Jamie Dimon, chief executive of JPMorgan Chase, earned $23.1m in total compensation last year, an 11 per cent increase over 2010, a higher level than the heads of the other large US banks.
In its annual report, JPMorgan said Mr Dimon received $1.4m in salary, a bonus of $4.5m and $17m in stock and options. John Stumpf, chief executive of Wells Fargo, earned $19.8m, while Citigroup’s Vikram Pandit earned $14.9m.
JPMorgan revealed in a proxy filing that Mr Dimon faced a shareholder vote on whether he should continue to be both chief executive and chairman. AFSCME Employees Pension Plan, a union pension scheme, which has also pushed for a separation of the roles at Goldman Sachs, said it “would be particularly constructive” at JPMorgan. The JPMorgan board, chaired by Mr Dimon, urged shareholders to vote against the proposal.
At 38 pages this year’s annual letter from Mr Dimon, who prides himself on his missives to shareholders and has drawn praise from his letter-writing idol Warren Buffett, is his longest since becoming chief executive, as he takes on myriad topics.

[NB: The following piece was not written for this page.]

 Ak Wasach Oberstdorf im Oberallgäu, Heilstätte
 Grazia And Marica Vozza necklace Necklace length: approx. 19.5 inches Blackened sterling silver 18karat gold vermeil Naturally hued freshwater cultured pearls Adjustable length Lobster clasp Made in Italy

While JPMorgan earned $19bn in 2011, Mr Dimon wrote that record sum was insufficient. The bank should be earning $23bn to $24bn but losses in mortgages continued to drag down its overall performance.
He took aim at regulations, particularly the so-called Durbin amendment that caps debit card fees. Mr Dimon said banks would look to mitigate the effect of the new law and the result of the “price fixing by the government [would] have the unfortunate consequence of leaving millions of Americans unbanked”.

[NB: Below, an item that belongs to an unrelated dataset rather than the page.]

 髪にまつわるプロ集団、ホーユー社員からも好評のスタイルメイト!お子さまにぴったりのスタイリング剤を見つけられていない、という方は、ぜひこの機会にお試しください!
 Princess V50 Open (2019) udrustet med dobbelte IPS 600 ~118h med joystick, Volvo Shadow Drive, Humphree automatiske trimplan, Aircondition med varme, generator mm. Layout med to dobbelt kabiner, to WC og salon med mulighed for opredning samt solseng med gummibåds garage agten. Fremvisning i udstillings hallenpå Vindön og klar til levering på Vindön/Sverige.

He praised other aspects of the regulatory overhaul in the US, applauding the creation of a Financial Stability Oversight Council, designed to iron out differences between the panoply of regulatory agencies. But Mr Dimon said it was “too weak to effectively manage the overlap and complexity”.
He said “only two regulations [in the US] materially can hurt our competitive ability”, the Volcker rule, which prohibits proprietary trading and banks fear may also crimp legitimate market making activity, and restrictions on derivatives trading, which JPMorgan has said hands a competitive advantage to foreign groups such as Deutsche Bank.

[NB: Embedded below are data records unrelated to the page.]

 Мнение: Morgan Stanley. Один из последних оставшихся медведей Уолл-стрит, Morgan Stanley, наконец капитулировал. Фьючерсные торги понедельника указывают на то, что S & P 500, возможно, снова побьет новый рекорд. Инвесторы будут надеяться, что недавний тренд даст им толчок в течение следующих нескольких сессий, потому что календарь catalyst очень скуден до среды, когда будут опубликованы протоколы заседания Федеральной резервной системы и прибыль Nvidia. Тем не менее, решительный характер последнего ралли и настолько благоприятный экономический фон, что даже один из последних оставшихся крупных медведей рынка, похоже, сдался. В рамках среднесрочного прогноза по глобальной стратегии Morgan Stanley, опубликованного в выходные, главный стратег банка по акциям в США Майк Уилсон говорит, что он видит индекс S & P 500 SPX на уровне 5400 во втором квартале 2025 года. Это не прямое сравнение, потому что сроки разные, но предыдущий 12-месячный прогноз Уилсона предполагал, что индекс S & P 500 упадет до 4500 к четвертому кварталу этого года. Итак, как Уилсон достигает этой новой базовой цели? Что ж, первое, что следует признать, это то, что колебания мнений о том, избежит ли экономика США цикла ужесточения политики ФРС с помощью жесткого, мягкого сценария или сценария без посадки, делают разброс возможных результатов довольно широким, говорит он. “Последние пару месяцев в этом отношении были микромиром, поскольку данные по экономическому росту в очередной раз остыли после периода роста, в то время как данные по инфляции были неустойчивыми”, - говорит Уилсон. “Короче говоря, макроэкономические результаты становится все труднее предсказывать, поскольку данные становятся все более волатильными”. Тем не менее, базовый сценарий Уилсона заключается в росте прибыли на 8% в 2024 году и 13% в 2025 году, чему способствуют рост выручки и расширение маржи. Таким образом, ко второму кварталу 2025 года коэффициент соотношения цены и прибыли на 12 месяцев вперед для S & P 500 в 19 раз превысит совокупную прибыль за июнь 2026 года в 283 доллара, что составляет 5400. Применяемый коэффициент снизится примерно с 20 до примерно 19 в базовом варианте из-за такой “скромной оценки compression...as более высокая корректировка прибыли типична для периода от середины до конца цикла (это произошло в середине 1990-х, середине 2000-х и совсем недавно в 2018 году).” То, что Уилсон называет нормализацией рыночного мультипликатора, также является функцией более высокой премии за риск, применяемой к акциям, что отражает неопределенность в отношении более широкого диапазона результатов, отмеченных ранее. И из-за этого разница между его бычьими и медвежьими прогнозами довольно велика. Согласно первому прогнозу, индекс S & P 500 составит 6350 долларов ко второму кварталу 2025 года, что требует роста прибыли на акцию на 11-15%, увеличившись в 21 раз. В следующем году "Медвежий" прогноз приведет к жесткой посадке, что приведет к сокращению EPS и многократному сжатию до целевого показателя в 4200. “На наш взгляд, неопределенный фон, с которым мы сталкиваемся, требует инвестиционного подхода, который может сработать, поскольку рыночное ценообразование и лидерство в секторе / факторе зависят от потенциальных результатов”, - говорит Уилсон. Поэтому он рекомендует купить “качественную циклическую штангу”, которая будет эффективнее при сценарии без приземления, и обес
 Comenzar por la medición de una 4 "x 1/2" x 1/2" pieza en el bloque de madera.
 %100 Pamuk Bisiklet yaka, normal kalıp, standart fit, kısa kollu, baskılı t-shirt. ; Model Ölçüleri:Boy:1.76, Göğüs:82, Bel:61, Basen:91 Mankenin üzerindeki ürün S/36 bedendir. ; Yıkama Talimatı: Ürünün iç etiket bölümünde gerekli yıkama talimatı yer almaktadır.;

International rules drew more ire. The plan to impose additional capital requirements on the largest banks around the world was “contrived, artificial and duplicative”, he said. He predicted banks would be forced to increase their capital levels beyond even the international surcharge to match competitors.
He said a reliance on models to assess banks’ resilience had dangers. “Everyone will start to have an increasingly more common view of the risk of a certain type of asset,” he said. “This is what happened in the United States when everyone thought mortgages were completely safe. Models eventually will replace judgment – and this is a terrible idea.”
Mr Dimon remains bullish on US growth and America’s property market. Pointing to a range of statistics, including increases in population and the relative cost to rent a home versus buying one, Mr Dimon said: “If one looks at the leading indicators, all signs are flashing green – the turn is coming if it is not here already.”
In particular, the deleveraging process already under way in US households will continue, putting borrowers in a better position to keep their homes. About $2tn of home loans have been refinanced during the past two years, Mr Dimon said. He expects another $2tn in mortgage refinancings during the next two years – a far higher estimate than recent projections from state-controlled mortgage financier Fannie Mae – with about $200bn of that total coming from government initiatives such as the home affordable refinance programme.
Mr Dimon acknowledged that home prices will continue to fall “a little bit, and they will stay depressed for a while”.